G.O.O.T.M.U. is a board game that was published by Jolly Games in 1992.

==Description==
G.O.O.T.M.U. (Get Out of the Maze Unit) is a game for 2–6 players where players try to navigate around a maze of randomly laid tiles.

===Components===
The game comes with
- 32 4 × 4 in isomorphic tiles, each printed with 16 squares
- 6 player pawns
- cardboard and wooden counters representing pieces of "Get Out of the Maze Units" (each one divided into three pieces), tools and encounters
- a six-sided die
- 4-page rulesheet

===Setup===
Each player chooses a different colour of pawn, and is given the matching three pieces of their own GOOTMU. From the pool of 32 board tiles, the first player draws a number of tiles randomly and creates a square or rectangular board with them. The number of tiles and the shape of the board are dependent on the number of players:
- 2 players: 3 x 3
- 3 players: 3 x 4
- 4 players: 4 x 4
- 5 players: 5 x 4
- 6 players: 5 x 5

The first player then places their pawn anywhere on the board. The second player places each of the three pieces of the first player's GOOTMU anywhere on the board, and then places their own pawn anywhere on the board. The third player places the second player's GOOTMU pieces on the board and then places their own pawn on the board, and so on, until the last player places their pawn on the board, and the first player places the last player's GOOTMU pieces on the board.

===Objective===
The only way to escape from the maze is to retrieve all three pieces of one's own GOOTMU unit.

===Gameplay===
The first player rolls the die, and must move that number of spaces on the board, obeying all written instructions on each space ("Move Back 3 Spaces" "Roll Less Than 3 to Move", "Lose 1 Turn", etc.) If the player rolls a "6", the player can choose to move 6 spaces as usual, or can rotate a tile one-quarter turn, either the tile the player's pawn is on, or an adjacent tile.

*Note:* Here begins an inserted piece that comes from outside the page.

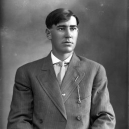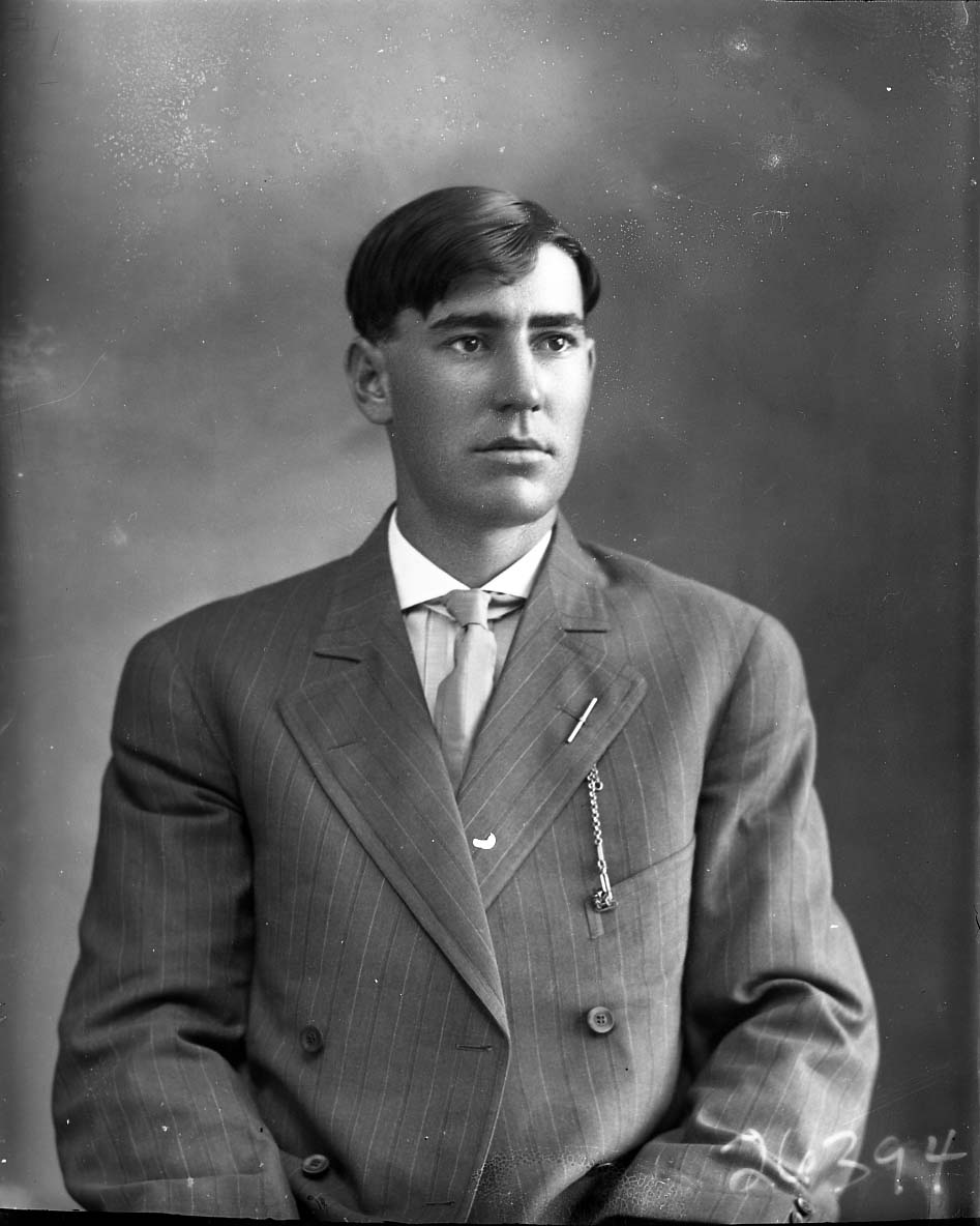 Portrait photograph of an unidentified young man wearing a suit and tie with a chain pinned to his lapel and hanging down to his breast pocket.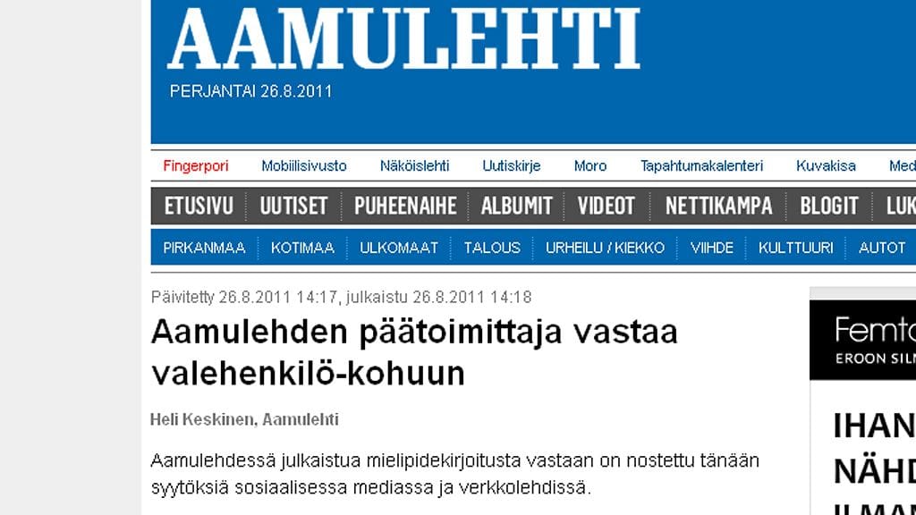 –Meille tulee 5 000 mielipidekirjoitusta ja jokaisen henkilöllisyyden tarkistamiseen ei tietenkään ole aikaa. Meillä jokainen mielipidesivun kirjoitus pitää allekirjoittaa omalla nimellään, nimimerkillä sitä ei pysty tekemään. Me teemme tarkistuksia vain silloin, kun on jotain erityistä, jotain poikkeavaa tai silloin kun se on jokin erityisen rankka syytös jotain henkilöä kohtaan. Silloin olemme yhteydessä tähän kirjoittajaan uudemman kerran.

Play then passes to the next player.

===Victory conditions===
The first player to successfully recover all three pieces of their own GOOTMU is teleported out of the maze and wins the game.

==Publication history==
G.O.O.T.M.U. was designed by Tom Jolly, and was published by Jolly's company, Jolly Games, in 1992. It is similar in some aspects to Jolly's well-received 1985 game, Wiz-War, another game where the board is created by randomly laying tiles.

==Reviews==
In the December 1993 edition of Dragon (Issue #212), Allen Varney noted the similarities to Wiz-War, and called it an "equally unusual game of great maze escapes." However, Varney thought this game was "an interesting but uneven design," pointing out that "If one game happens to get a good group of tiles from the 32 provided, you’ll have lots of freewheeling fun. But you might just as easily get a frustrating maze full of dead ends and obstacles." He concluded with ambivalence, saying, "It's worth a try, but I recommend sticking with the terrific Wiz-War game."

Rick Heli reviewed the game for Spotlight on Games, and found it was too reliant on luck rather than skill, and found some spaces and rules too frustrating to make for a very enjoyable game.